Robert Morham (31 March 1839 - 5 June 1912) was the City Architect for Edinburgh for the last decades of the nineteenth century and was responsible for much of the “public face” of the city at the time.

His work is particularly well represented within Edinburgh City Chambers where each of the high Victoriana main council chambers (Edinburgh Room, Nelson Mandela Room, European Room etc.) is under his hand.

Most of his buildings are utilitarian in function: police stations, fire stations, swimming baths etc. and these are generally atypical of the Edinburgh streetscape in terms of material being generally in red sandstone rather than cream. This allows the public buildings to quickly be identified in the streets concerned.

His work in parks is also noteworthy including one of the world's best known public spaces, Princes Street Gardens. This included negotiations for the widening of Princes Street and the placing of a great number of statues along the edge of the park facing that road.

==Life==
He was the son of Robert Morham (1812-1889) Depute City Clerk, and his wife Janet Aird (1808-1883), who lived at 13 Lauder Road, which remained his home for all his life. To avoid confusion he styled himself Robert Morham Jr for much of his early life.

He was educated at Newington Academy and the Royal High School.

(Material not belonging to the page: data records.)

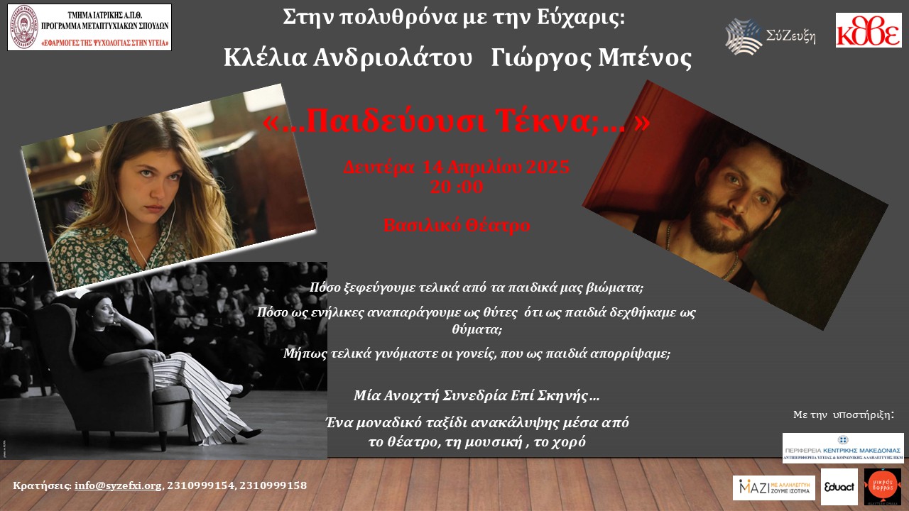 Η Πολιτιστική Ψυχοθεραπεία με τίτλο «Παιδεύουσι Τέκνα» που θα παρουσιαστεί στις 14 Απριλίου, στο Βασιλικό Θέατρο στις 20:00, είναι η δεύτερη στην Ελλάδα, μετά τα «Συγνώμη των Γονιών» που παρουσιάστηκε στην Αθήνα τον Ιανουάριο του 2025.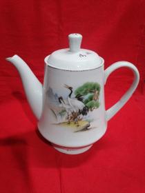 七八十年代景德镇老茶壶 《松鹤延年.一片冰心在玉壶》陶瓷电茶壶 辛西年1981年。高20厘米X底腹宽14厘米 (壶盖有一微小冲线,但声音仍坚实清扬) 实物如图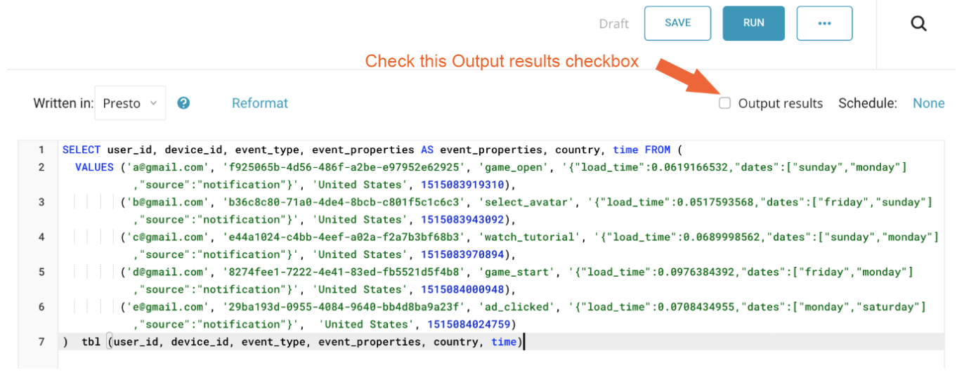 Go to the TD Console, and Queries and select New Query to access the query editor. You can pick the query language and write your query. Select Output results.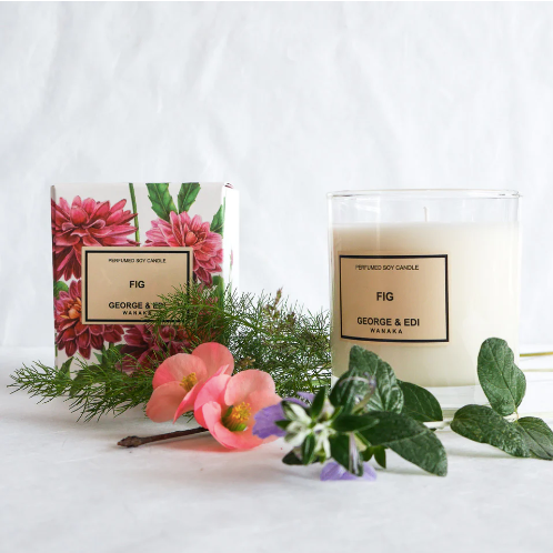 George & Edi candles are hand poured and made in their Wanaka atelier, and crafted from natural soy wax with cotton braided wicks. They are wrapped in signature, hand drawn botanical paper.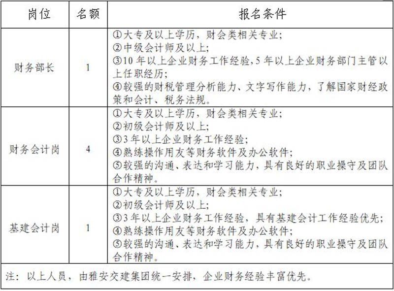 根據(jù)發(fā)展需要,決定面向社會公開招聘雅安市交通建設(集團)有限責任公司(以下簡稱“雅安交建集團”)所屬子公司財務部門負責人1名,工作人員5名,現(xiàn)將有關事項公告如下: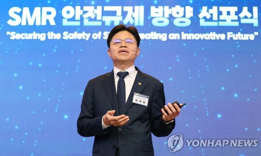 | 18일 서울 중구 프레지던트 호텔에서 열린 SMR(소형모듈원자로) 안전규제 방향 선포식에서 유국희 원자력안전위원장이 SMR 안전규제 방향에 관해 설명하고 있다. (사진=연합뉴스) |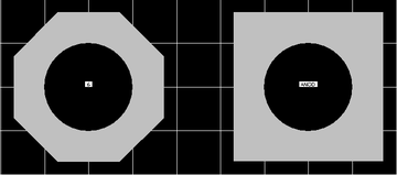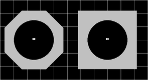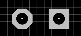 Для даної групи компонентів діаметр восьмикутної КП буде 2.2мм, а розміри прямокутної – 2.2х2.2мм (рис.11)

In 1854 he was articled to David Rhind and in 1859 transferred to David Bryce, both prominent architects of their day. In 1862 he moved to London to work for William Eden Nesfield. In 1866 he returned to Edinburgh and joined David Cousin, later becoming his business partner. His works until 1873 are under Cousin. From that date he became City Superintendent of Works (City Architect). That year he also married Anne Isabella Cunningham with whom he had five sons and one daughter.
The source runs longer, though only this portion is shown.